A Vindication of The Rights of Woman - Themes

Themes

Wollstonecraft did not employ the formal argumentation or logical prose style common to 18th-century philosophical writing when composing her own works. The Rights of Woman is a long essay that introduces all of its major topics in the opening chapters and then repeatedly returns to them, each time from a different point of view. It also adopts a hybrid tone that combines rational argument with the fervent rhetoric of sensibility.

In the 18th century, sensibility was a physical phenomenon that came to be attached to a specific set of moral beliefs. Physicians and anatomists believed that the more sensitive people's nerves, the more emotionally affected they would be by their surroundings. Since women were thought to have keener nerves than men, it was also believed that women were more emotional than men. The emotional excess associated with sensibility also theoretically produced an ethic of compassion: those with sensibility could easily sympathize with people in pain. Thus historians have credited the discourse of sensibility and those who promoted it with the increased humanitarian efforts, such as the movement to abolish the slave trade. But sensibility also paralyzed those who had too much of it; as scholar G. J. Barker-Benfield explains, "an innate refinement of nerves was also identifiable with greater suffering, with weakness, and a susceptibility to disorder".

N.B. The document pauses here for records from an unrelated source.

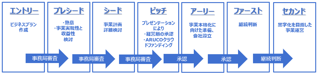 ・審査ステップ:段階ごとに経営層の承認を経てステージを移行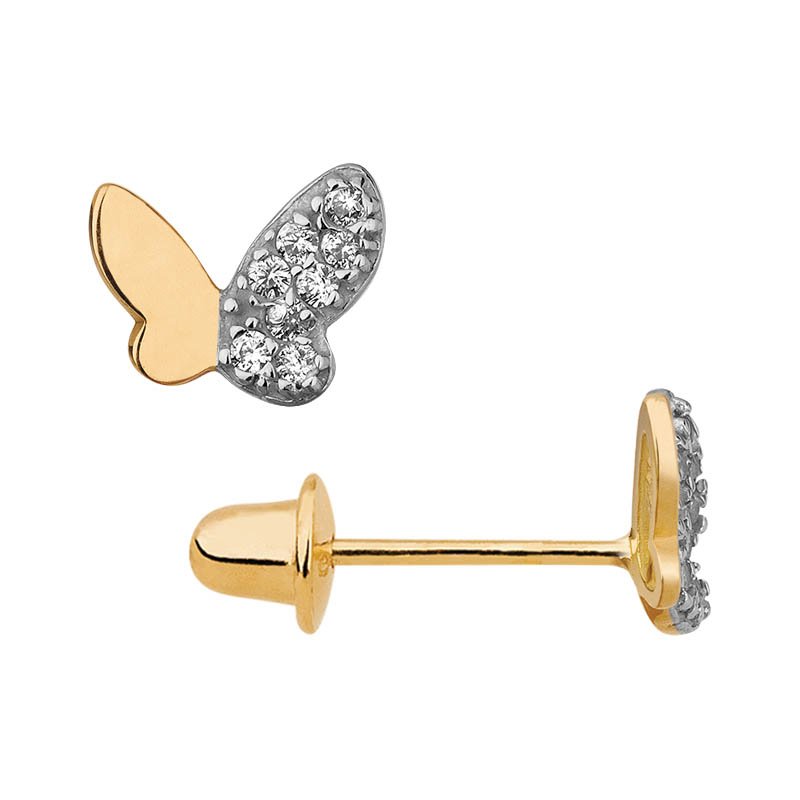 Brinco borboleta em ouro 18k com zircônias.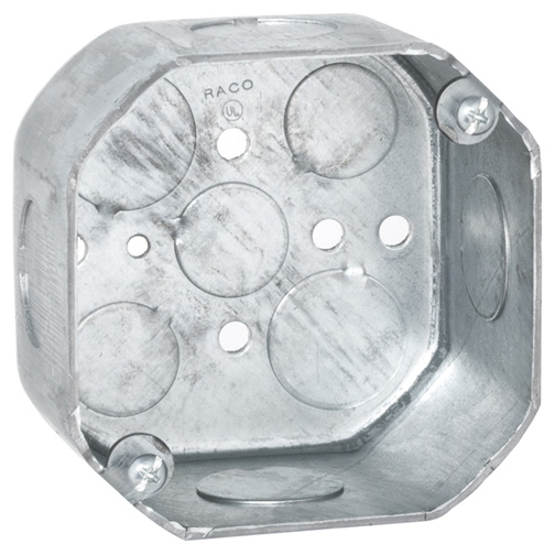 RACO® Octagon Box, 9 Knockouts, 1/2 and 3/4 in Knockouts, Conduit Knockout Cable Entry, Octagon, 21.5 cu-in, Steel, Pre-Galvanized, 4 in H x 4 in W x 2-1/8 in D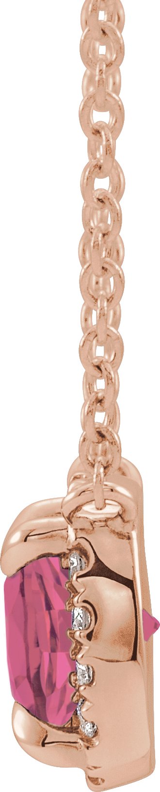 14K Rose 3.5x3.5 mm Square Pink Tourmaline & .05 CTW Diamond 18 inch Necklace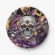 Purple and Black Sugar Skull Halloween Party Paper Plate

By the time Wollstonecraft was writing the Rights of Woman, sensibility had already been under sustained attack for a number of years. Sensibility, which had initially promised to draw individuals together through sympathy, was now viewed as "profoundly separatist"; novels, plays, and poems that employed the language of sensibility asserted individual rights, sexual freedom, and unconventional familial relationships based only upon feeling. Furthermore, as Janet Todd, another scholar of sensibility, argues, "to many in Britain the cult of sensibility seemed to have feminized the nation, given women undue prominence, and emasculated men."